Experimental study on the performance of foamy oil flow under different solution gas–oil ratios†
Abstract
Foamy oil flow has been widely accepted as an explanation for the high oil recovery observed in certain heavy oil reservoirs, and a number of studies have been conducted to understand the mechanisms involved. However, insufficient information is available on the effects of the initial gas–oil ratio on the foamy oil flow. The effects of the solution gas–oil ratio were investigated based on sandpack and visualization experiments for solution gas drive with the foamy oil from the Carabobo reservoir.

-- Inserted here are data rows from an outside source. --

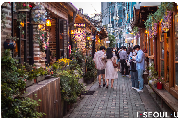
Ikseongdong Hanok Village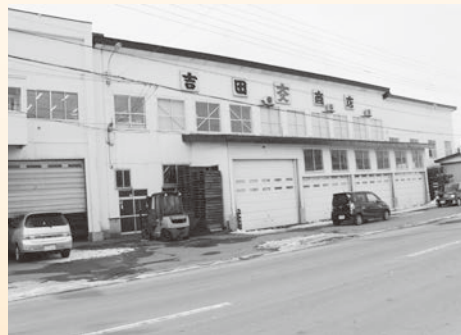
▲するめ等を製造している水産加工場

また、福島町は青函トンネルの工事基地、横綱を2人輩出した地、するめの製造量が日本最大級の町でもあります。水産加工業を通して、先代や漁業、水産加工に携わった方々へ、そして、今後より誇りあふれる町となれるよう、町全体へ恩返しをしていきたいです。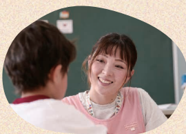
一人ひとりの成長が楽しみです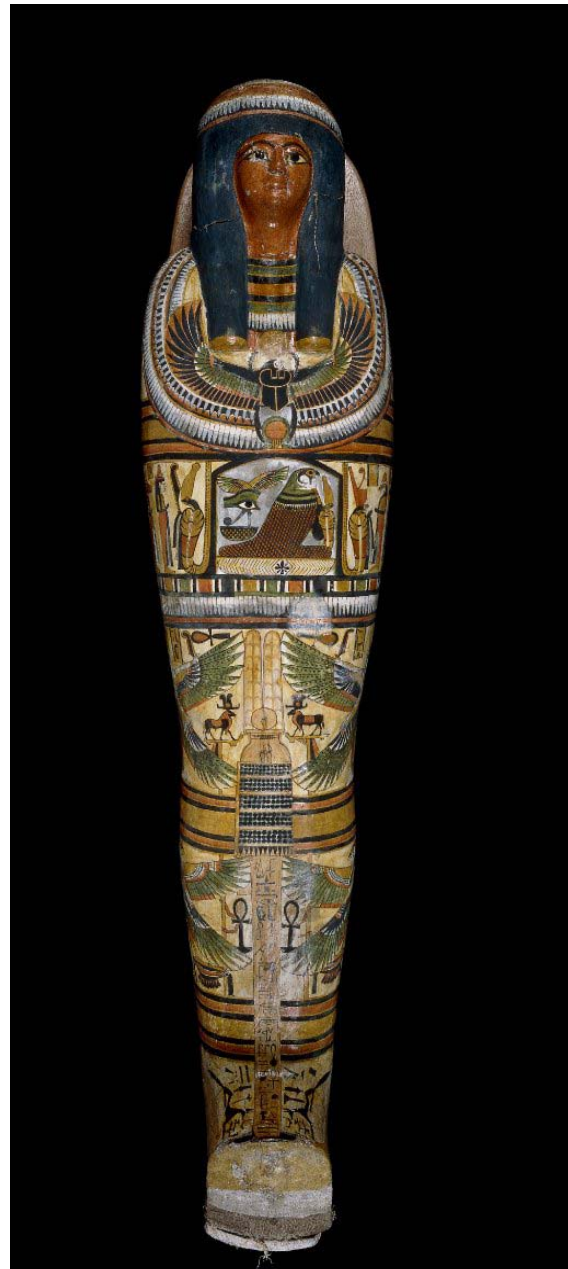
2. kép – A külső koporsó alsó fele. © BM 3. kép – A kartonázs koporsó © BM

Az istennő karjait kitarja, hogy védelmező ölelésébe vonja Neszperennubot.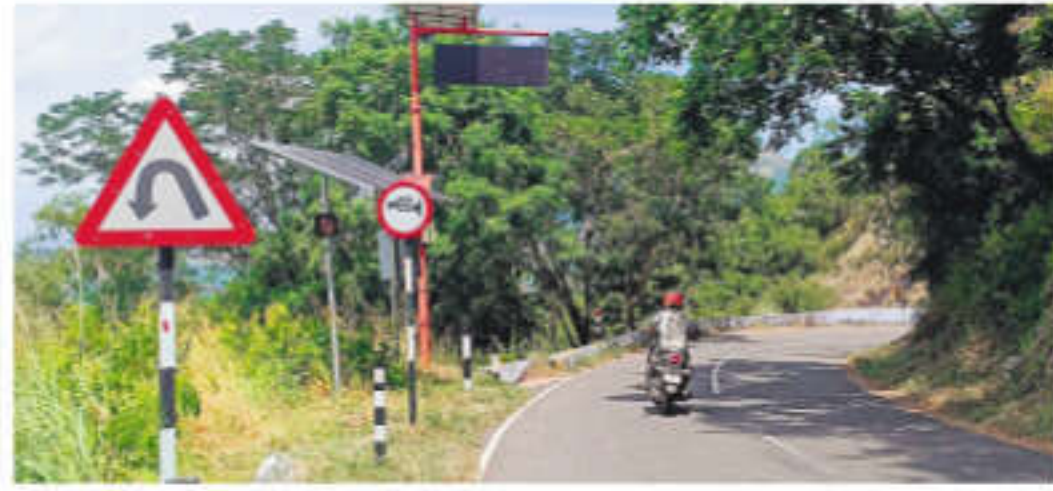
Over 40 people have sustained serious injuries in about 15 separate accidents on the Valparai Ghat Road in recent months | EXPRESS

Police point out that thrill-seeking riders on high-powered two-wheelers often record themselves speeding along the curves to post on social media for "likes & shares," putting themselves and others at risk. Similarly, drivers of tourist vehicles, accustomed to driving on flat terrain, frequently underestimate the challenges of the winding mountain road, leading to rollovers and

As the solution gas–oil ratio decreases, the differences in the bubble point and pseudo-bubble point pressure (markers for the foamy oil production period) decrease, resulting in an obvious reduction of the oil recovery efficiency. The effects of the solution gas–oil ratio on the foamy oil flow in porous media can be explained by higher interfacial tension, lower interfacial dilational viscoelasticity, higher live oil viscosity, and lower elastic energy under lower solution gas–oil ratios. A lower limit of the solution gas–oil ratio should exist for foamy oils with different properties, which is believed to be approximately 5.0 Sm3 m−3 for the Carabobo reservoir, according to experimental results. For reservoirs with foamy oil cold production, the solution gas can be separated from the produced oil and injected into the formation to increase the solution gas–oil ratio, extend the foamy oil production time, and improve the oil recovery efficiency. The experimental results provide theoretical support for foamy oil production.